So, you looked at the title of that and thought "ugh," right? That sounds exactly like some hippie crap they'd feed you in the 70's while enthusing about the benefits of a macrobiotic diet and frequent colon cleanses. And then they'd give you carob-tofu cheesecake for dessert. I mean, kale AND brown rice? For real?
OK well banish that thought from your head, because this is fucking delicious. I bought it frozen from Beechers, thought it was scrumptious, and attempted to re-create the recipe myself. The first time, it was good enough that one of my dinner guests put back everything else on her plate and just ate three helpings of the gratin. The second time, last night, I took it to a dinner party and everyone raved about it, even the guy who hates kale.

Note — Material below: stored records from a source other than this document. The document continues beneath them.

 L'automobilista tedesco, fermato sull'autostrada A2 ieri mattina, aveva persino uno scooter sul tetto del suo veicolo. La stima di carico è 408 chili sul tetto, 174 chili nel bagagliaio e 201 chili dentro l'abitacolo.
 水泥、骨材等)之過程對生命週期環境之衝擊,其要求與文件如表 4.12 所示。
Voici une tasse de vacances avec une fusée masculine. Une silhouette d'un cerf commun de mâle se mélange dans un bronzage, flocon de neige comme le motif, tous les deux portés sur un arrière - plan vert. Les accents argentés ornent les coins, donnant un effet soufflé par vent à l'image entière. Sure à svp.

In fact that guy took seconds.
This is a great holiday dish, because in addition to being delicious, it also has whole grains and dark green leafy vegetables in it. It's a pretty good antidote to a table that, traditionally, is basically a huge pile of carbs and fat. Not that this is fat free; far from it, though it's not like my creamed onions recipe. But the extra fat doesn't take away the nutrition of the other ingredients, you know.
The two things to be aware of are 1) the brown rice takes forever and a damn day to cook and 2) the kale must be chopped really, really, really fine. This is a time for your good knife and a big cutting board.
1 large shallot
6 tbsp butter, divided in two
2 cups SHORT GRAIN brown rice
6 cups of whole milk
1 large bunch kale, enough to make 2 cups when finely, finely chopped
1/4 teaspoon nutmeg
1/4 teaspoon cayenne pepper
1 teaspoon dijon mustard
1 tablespoon stock concentrate (chicken or vegetable)

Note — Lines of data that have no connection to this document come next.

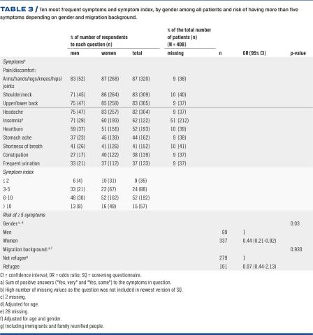 Table 3 shows the distribution of the ten most reported specific symptoms by gender along with a symptom index grouping the patients by number of symptoms reported. The predominant symptoms were pain-related, arising from the musculoskeletal system. The majority (62%) reported sleeping difficulties, more often men (71%) than women (60%). Gastrointestinal symptoms as well as less organ-specific somatic symptoms were common. The majority of patients (87%) reported ≥ 5 symptoms. Results from the logistic regression analysis showed a statistically significant protective effect of being a woman as compared with being a man on the risk of having more than five symptoms (odds ratio = 0.44; 95% confidene interval: 0.21-0.92), whereas no protective effect of being a refugee was identified.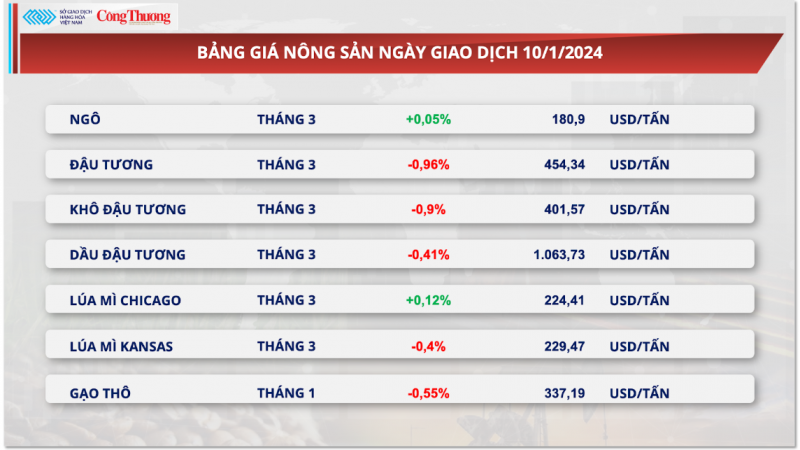 Giá khô đậu tương và giá dầu đậu tương cũng đồng loạt suy yếu trong phiên hôm qua. Thời tiết thuận lợi ở Argentina tiếp tục gây áp lực lớn lên giá khô đậu. Trong khi đó, sự suy yếu của giá dầu thô đã thúc đẩy lực bán đối với dầu đậu.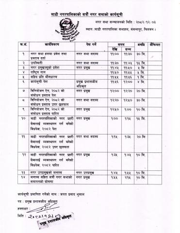 माडी नगरपालिकाको सत्रौं नगर सभाको कार्यसूची सम्बन्धमा ।
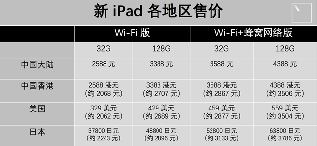 我們知道對(duì)于蘋果產(chǎn)品是根據(jù)不同國家或地區(qū)價(jià)格有所不同,但我們已經(jīng)知道了中國大陸、中國香港、美國、日本等國家及地區(qū)已經(jīng)成為了首發(fā)地區(qū)。下面來看看不同國家或地區(qū)新款iPad的價(jià)格情況。

6-8 ounces of extremely sharp cheddar-style cheese; I've used Beecher's Flagship, but you could probably experiment
1/2 cup of bread crumbs
Melt half the butter in a large (LARGE) frying pan, fait-tout, or wide saute pan. I suppose you could use a 4.5 quart or larger saucepan too. Anyway, dice the shallot fine and saute in the butter until it is starting to brown. Add the rice and cook for a couple of minutes over high heat, then add the milk. Bring to a boil, reduce heat to a simmer, cover, and cook for 45 minutes to an hour, or until the rice is no longer aggressively chewy. Add the nutmeg, cayenne, mustard, and stock concentrate, and return to a simmer. The mixture will still be somewhat spludgy at this point.

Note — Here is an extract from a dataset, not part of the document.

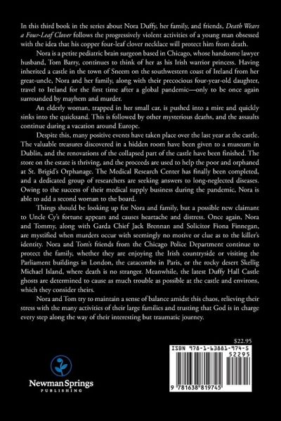 In this third book in the series about Nora Duffy, her family, and friends, Death Wears a Four-Leaf Clover follows the progressively violent activities of a young man obsessed with the idea that his copper four-leaf clover necklace will protect him from death. Nora is a petite pediatric brain surgeon based in Chicago, whose handsome lawyer husband, Tom Barry, continues to think of her as his Irish warrior princess. Having inherited a castle in the town of Sneem on the southwestern coast of Ireland from her great-uncle, Nora and her family, along with their precocious four-year-old daughter, travel to Ireland for the first time after a global pandemic--only to be once again surrounded by mayhem and murder. An elderly woman, trapped in her small car, is pushed into a mire and quickly sinks into the quicksand. This is followed by other mysterious deaths, and the assaults continue during a vacation around Europe. Despite this, many positive events have taken place over the last year at the castle. The valuable treasures discovered in a hidden room have been given to a museum in Dublin, and the renovations of the collapsed part of the castle have been finished. The store on the estate is thriving, and the proceeds are used to help the poor and orphaned at St. Brigid's Orphanage. The Medical Research Center has finally been completed, and a dedicated group of researchers are seeking answers to long-neglected diseases. Owing to the success of their medical supply business during the pandemic, Nora is able to add a second woman to the board. Things should be looking up for Nora and family, but a possible new claimant to Uncle Cy's fortune appears and causes heartache and distress. Once again, Nora and Tommy, along with Garda Chief Jack Brennan and Solicitor Fiona Finnegan, are mystified when murders occur with seemingly no motive or clue as to the killer's identity. Nora and Tom's friends from the Chicago Police Department continue to protect the family, whether they are enjoying the Irish countryside or visiting the Parliament buildings in London, the catacombs in Paris, or the rocky desert Skellig Michael Island, where death is no stranger. Meanwhile, the latest Duffy Hall Castle ghosts are determined to cause as much trouble as possible at the castle and environs, which they consider theirs. Nora and Tom try to maintain a sense of balance amidst this chaos, relieving their stress with the many activities of their large families and trusting that God is in charge every step along the way of their interesting but traumatic journey.

Chop the kale extremely, extremely finely, almost as though it were an herb rather than a vegetable. Stir the chopped kale into the rice mixture and cook, stirring occasionally, until it goes from dark green through bright green and into a sort of a dull, overcooked-looking green. Kale is not a tender vegetable; it can take it. At this point, the mixture should have absorbed enough liquid that you could scoop it with a slotted spoon without leaving too much liquid behind. Scrape it into an 11x17" baking dish.
Grate the cheese and top the gratin with it. Sprinkle the bread crumbs on top of the cheese; melt the rest of the butter, and drizzle it on top of the bread crumbs. Bake in a hot oven (350, or whatever the other things you're cooking need, it isn't particular) until the cheese is bubbly and the bread crumbs are browned. Serve and eat.